PriceHubble

SENIOR DATA SCIENTIST - DATA INTELLIGENCE TEAM

Machine Learning Modeling

October 1, 2021

Apply Now

Paris (75), France

October 1, 2021

Apply Now

Job description

JOB DESCRIPTION

Data is at the core of PriceHubble. We process a wide variety of data from multiple sources. As a data scientist in the data-intelligence team, you will have three main missions:

First, to augment the data we have via machine learning prediction.
Second, to develop techniques to measure, assert, and improve the quality of the data we have.
Third, to develop matching algorithms for linking data from heterogeneous sources.

As a senior data scientist, you are highly motivated by the following questions:

Before doing standard machine learning, how do I build a strong labeled data set from scratch?
Garbage in = garbage out; then how do I measure the quality of labels in a data set? How do I improve upon this when I have very few labels to start with?
How can I go from no labels to the point where state of the art Machine-Learning can finally be leveraged?
How to plan research projects spanning 3 months to 1 year in a way that structurally mitigates risk?
What should be the next steps in a research project? Where should we focus research efforts? The models, the labels/training data, feature-engineering, post-processing, or elsewhere?

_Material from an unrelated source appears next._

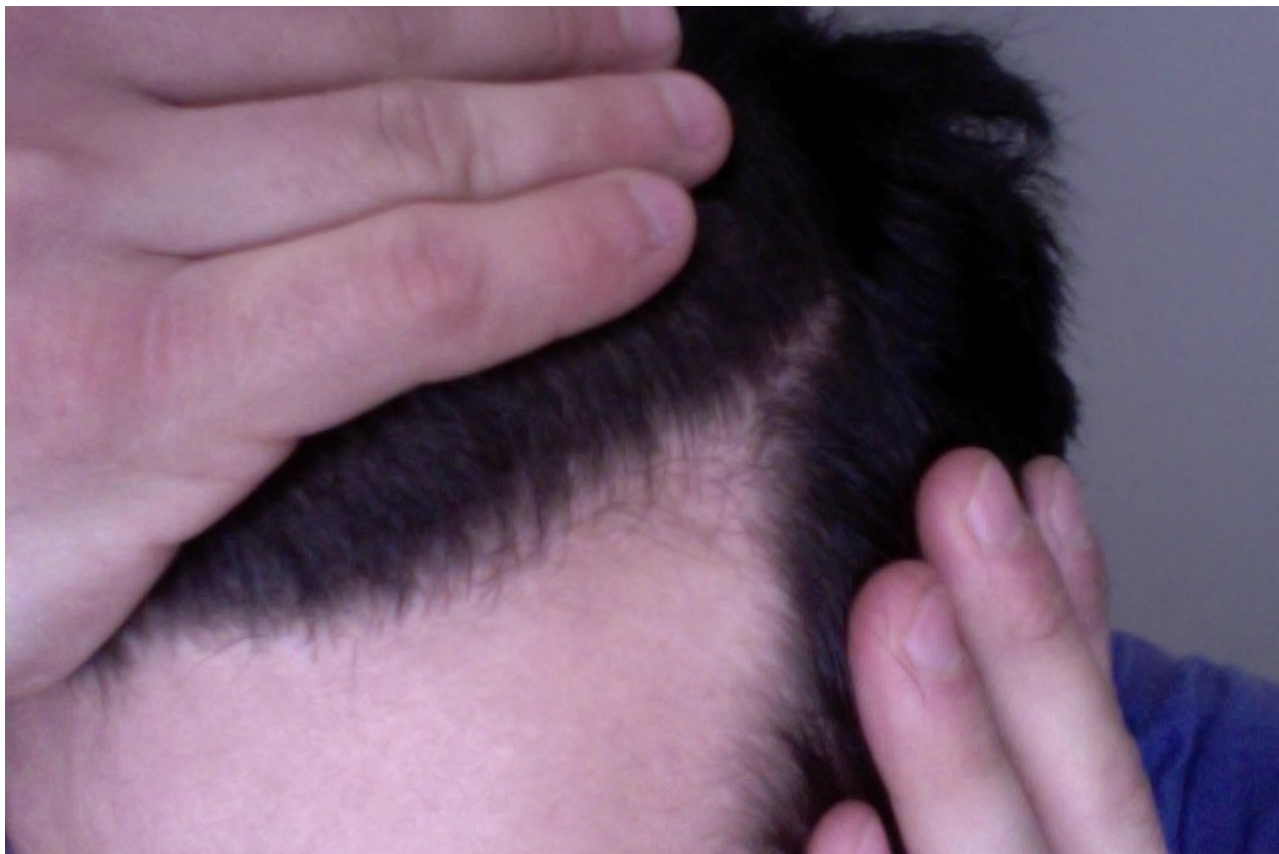
2) Foto am 04.01.12 um 14.45 #4.jpg, downloaded 1042 times

These questions are, in our opinion, the new frontier in data science. You will be joining a team that specializes in this topic, with, amongst other, advanced experience in crowd-sourcing, matching problems, ensembles modeling, and statistical estimation. Our technologies and tools are just getting started; feeling excited about it? Want to be part of the adventure? Hop in!

Responsibilities

Mentor more junior team members
Define roadmap & approaches for research projects
Actively mitigate risks in Machine Learning projects, by attacking high risk items first and making sure projects fail fast if likely to hit a structural blocker
Apply machine learning methods to augment data-sets
Develop and improve models for cross linking heterogeneous data sources together
Analyse and detect problems in our estimators
Correct blind spots in our data-labelling
Deploy, validate, and fine tune crowd-sourcing jobs for acquiring labels

Requirements

MSc or PhD in Computer Science, Applied Mathematics or related fields; with a strong experience in machine learning and/or data science.
3-5 years experience in a data-science, research (incl. PhD), or quantitative role
In-depth understanding of basic data structures and algorithms.
Strong analytical skills with the ability to collect, organise, and analyse significant amounts of data with attention to detail and accuracy.
Strong programming experience with Python, and ability to write quality production code.
Experience with crowd-sourcing, active-learning, semi-supervised learning, ensemble-modeling or matching problems is a plus.
Experience with ETL and data processing tools we’re using is an advantage (pandas, airflow, PySpark).
Experience with standard ML frameworks is also a plus (sklearn, tensorflow, pytorch,...)
Comfortable working in English; you have a great read, good spoken command of it.